Multiple sclerosis (MS) is an inflammatory chronic disorder. It manifests itself by an inflammation of the central nervous system and by a deregulation of the immune system, leading to lesions in axons. The diagnosis of MS is clinical, however, paraclinical tests are fundamental. In the laboratory study of cerebrospinal fluid and serum, the oligoclonal IgG bands (OCB IgG) analysis can evaluate intrathecal synthesis. We analyzed the prevalence of OCB IgG in MS and clinically isolated syndrome (CIS), the role of OCB IgG in the MS prognosis and CIS conversion, as well as its correlation with latitude effect.
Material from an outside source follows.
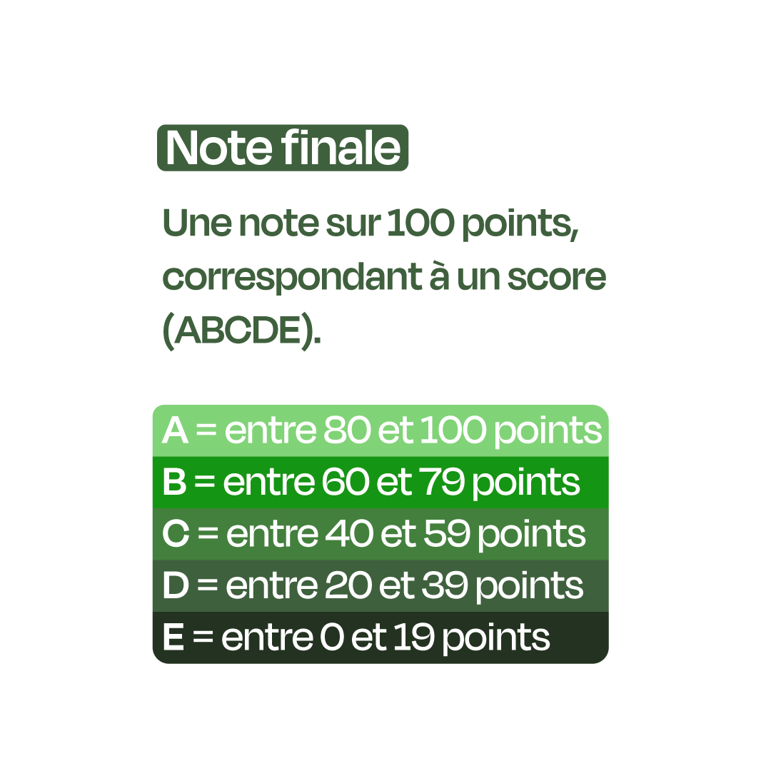 La note affichée, entre A et E, s’appuie autant sur le produit que sur ses conditions de fabrication.

From 93 articles, 32 were used according to the inclusion criteria. The statistical analysis was made in the IBM SPSS version 23 software. The prevalence of OCB IgG in MS was 82,6% and in CIS 66,8%. A non-linear correlation was observed between the prevalence of OCB IgG and the conversion from CIS to MS. No correlation was found between the presence of OCB IgG and MS prognosis. The main prevalence of OCB IgG was observed in the northern hemisphere, and at a latitude of 40° or higher. The presence of OCB IgG in cerebrospinal fluid is connected to MS. OCB IgG positivity is linked to conversion from CIS to MS. This study was limited due to the small quantity of articles used in the prognosis analysis. There was not enough data to confirm the latitude effect.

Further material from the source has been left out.